AMD's AI Accelerator Business: Puts and Takes
Bears, bulls, and timing. It’s all about the long-term view.
AMD’s 60% CAGR guidance for the AI accelerator TAM is something of a double-edged sword. On one hand, it reinforces confidence in the long-term expansion of the AI market. On the other, it implicitly suggests that AMD’s Instinct growth will track similarly.
AMD recently decided to stop breaking out Instinct revenue, suggesting they don’t want to be boxed into a 60% growth target for 2024 or 2025. This has triggered a wave of skepticism from analysts and investors wondering if Instinct is underperforming relative to management’s initial expectations.
Is 60% too ambitious? If so, what should the number be?
This leads to a more fundamental question: should we be bullish or bearish on Instinct?
Instinct Bulls
A typical but naive Instinct bull case goes something like this: Nvidia held a de facto AI GPU monopoly, but with AMD’s Instinct offerings now available, hyperscalers will welcome an alternative to reduce their reliance on Nvidia and counter its pricing power.
Instinct Bears
The bears have many valid counterarguments.
1) Instinct systems are not comparable substitutes to Nvidia
The argument is that an Nvidia AI datacenter is non-fungible; AMD-based AI systems aren’t a competitive substitute for Nvidia.
Sure, MI300X silicon is performant and MI300X has more HBM capacity than H100 (important for massive LLMs).
But, an AI system is the sum of its parts–software, hardware, and networking–and AMD’s software and networking put AMD’s overall system performance at a disadvantage to Nvidia, especially for training.
2) Nvidia’s inertia
Customers are already using Nvidia. Why change? An object in motion stays in motion.
The installed base is massive, and the software tooling is already there and easy to use. What about AMD’s Instinct systems will overcome this inertia and convince AI engineers to switch?
3) Nvidia’s speed
Nvidia isn’t standing still.
Look at Nvidia’s 2026 roadmap: next-generation memory, compute, networking innovations with Rubin GPU with HBM4, Vera CPU, and NVLink 6. And Nvidia keeps improving their software too, from Nvidia’s blog
As a result of continued software improvements, the Hopper architecture delivered up to 27% more inference performance compared to the prior round [of MLPerf].
The goalposts are moving.
How can AMD compete across the entire system, from compute to memory to networking to software, with far fewer R&D resources than Nvidia? Can they punch above their weight?

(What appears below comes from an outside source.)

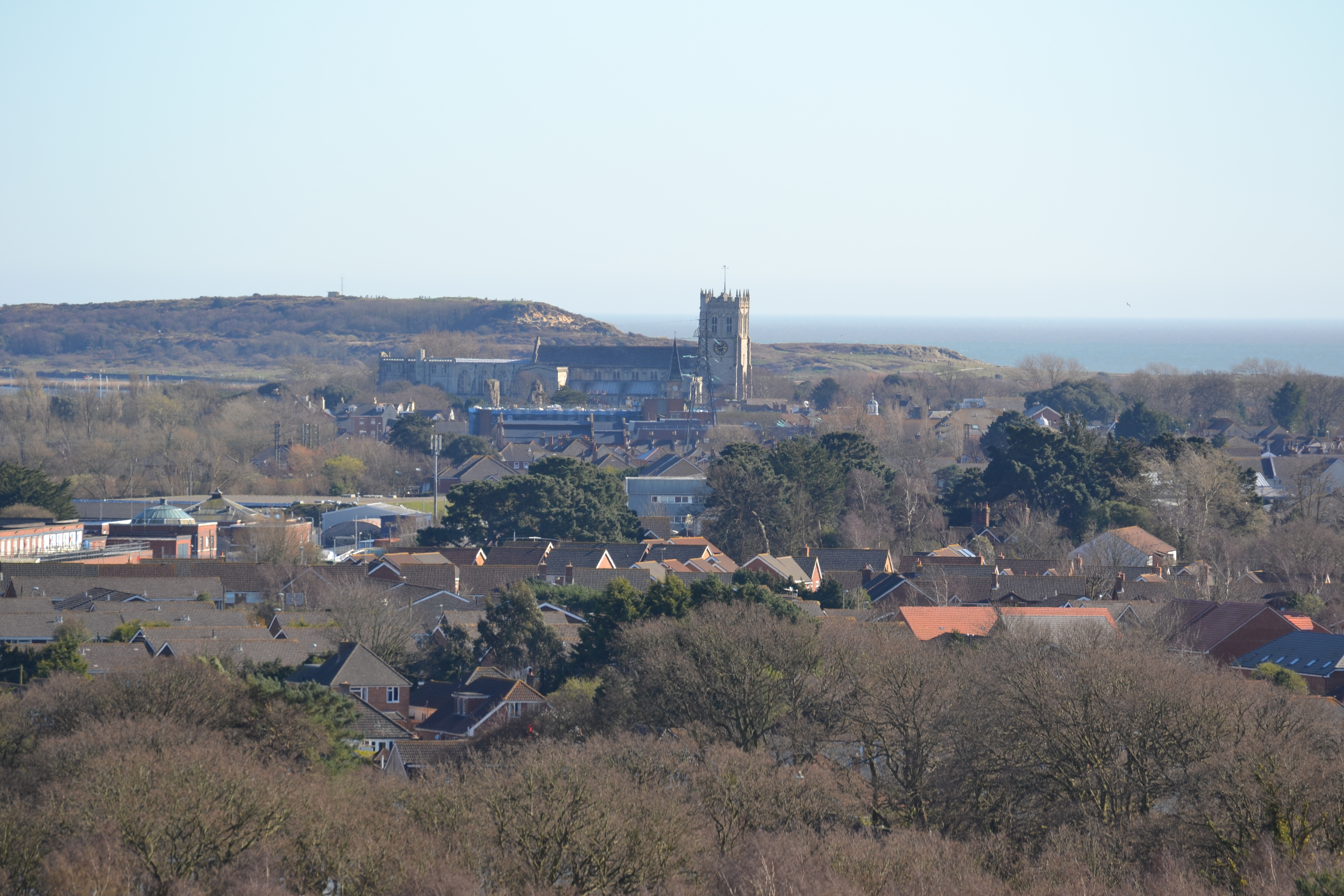 View from St Catherine's Hill across Christchurch towards the Priory and Hengistbury Head.

4) Nvidia’s previous-gen instances may be cost-competitive with AMD
As Blackwell ramps up, Hopper prices will continue to fall. Although training demands bleeding edge performance from Blackwell, some inference workloads are “fast enough” on Hopper.
Hyperscalers already augment their capacity with GPU clouds like CoreWeave, Lambda, and Applied Digital; what if Hopper prices fall enough to be cost-competitive with Instinct systems? Won’t some customers stick with previous-gen Hopper instead of switching to AMD and ROCm? If it ain’t broke, don’t fix it.
5) AI ASICs
Customers want to reduce Nvidia’s pricing power, sure. But who says customers will reach for another GPU? What if they instead reach for an AI ASIC?
This seems to be the case with Nvidia’s largest companies who are developing custom AI accelerators (AI ASICs or XPUs). Examples include Google's TPU, Meta's MTIA, Amazon's Trainium and Inferentia, and Microsoft's Maia. Broadcom and Marvell have stated they have multiyear roadmaps with these customers.
Is it the case that the few companies buying most of GPUs will continue to buy Nvidia and custom ASICs, not Instinct?
Note that internal custom ASICs aren’t the only alternative – don’t forget AI accelerators from startups. For example, just a few days ago, Perplexity launched a model on Cerebras-powered infrastructure:
Starting today, all Perplexity Pro users will be able to try out the latest version of Sonar, Perplexity's in-house model that is optimized for answer quality and user experience. Powered by Cerebras inference infrastructure, Sonar runs at a blazing fast speed of 1200 tokens per second — enabling nearly instant answer generation.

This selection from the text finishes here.